Домой возврата нет - Томас Вулф
Шрифт:
Интервал:
И опять он молча, лихорадочно мерил комнату шагами, сильно затягивался сигаретой, потом вдруг повернулся и требовательно, грубо спросил:
— По-вашему, у нас здесь совсем скверно… с этой нашей партией и с этими тупицами? По-вашему, было бы лучше, будь у нас две партии, как в Америке? — И, не дожидаясь ответа, продолжал: — Если так, я думаю, вы ошибаетесь. Здесь, конечно, скверно, но, я думаю, скоро и у вас будет не лучше.
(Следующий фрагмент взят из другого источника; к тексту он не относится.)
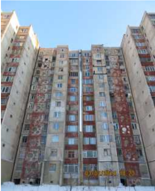
სურ. 1 საცხოვრებელი კომპლექსის ხედი ეზოს მხრიდან

სურათებზე 1,2,3,4 აღბეჭდილია ვარკეთილში IIIა მ/რაიონში 427,428,429 და 430 კორპუსებში არქიტექტორ კვიციანიძის სახელით ცნობილი 13 სართულიანი კარსაკულ-პანელოვანი საცხოვრებელი კორპუსები ერთმანეთზე მიდგმული ნაადრევი მოძველებისა და ფიზიკური ცვეთისაგან გამაგრება-გაძლიერების შემდეგ.

Эти проклятые ослы… их всюду хватает. У вас они ничуть не лучше, просто выглядит это иначе. — Он вдруг серьезно, испытующе взглянул на Джорджа. — Думаете, вы у себя в Америке свободны, да? — Он покачал головой. — Сильно сомневаюсь. Свободны только эти гнусные тупицы. Здесь они свободны указывать, что нам читать и во что верить, и, по-моему, в Америке то же самое. Изволь думать и чувствовать, как они, и говорить то, что они желают от тебя услышать… а иначе тебя убьют. Разница только в том, что здесь у них в руках еще и власть. А в Америке они пока не у власти, но подождите, они своего добьются. Мы, немцы, показали, как это делается. И тогда здесь вы будете свободнее, чем в Нью-Йорке, ведь здесь вас ценят больше, чем в Америке, так я думаю. Здесь вами восхищаются. Здесь вы американец, и вам даже позволено говорить и писать такое, чего не позволено ни одному немцу — пока вы ничего не сказали против партии. Думаете, в Нью-Йорке вам тоже дадут такую волю?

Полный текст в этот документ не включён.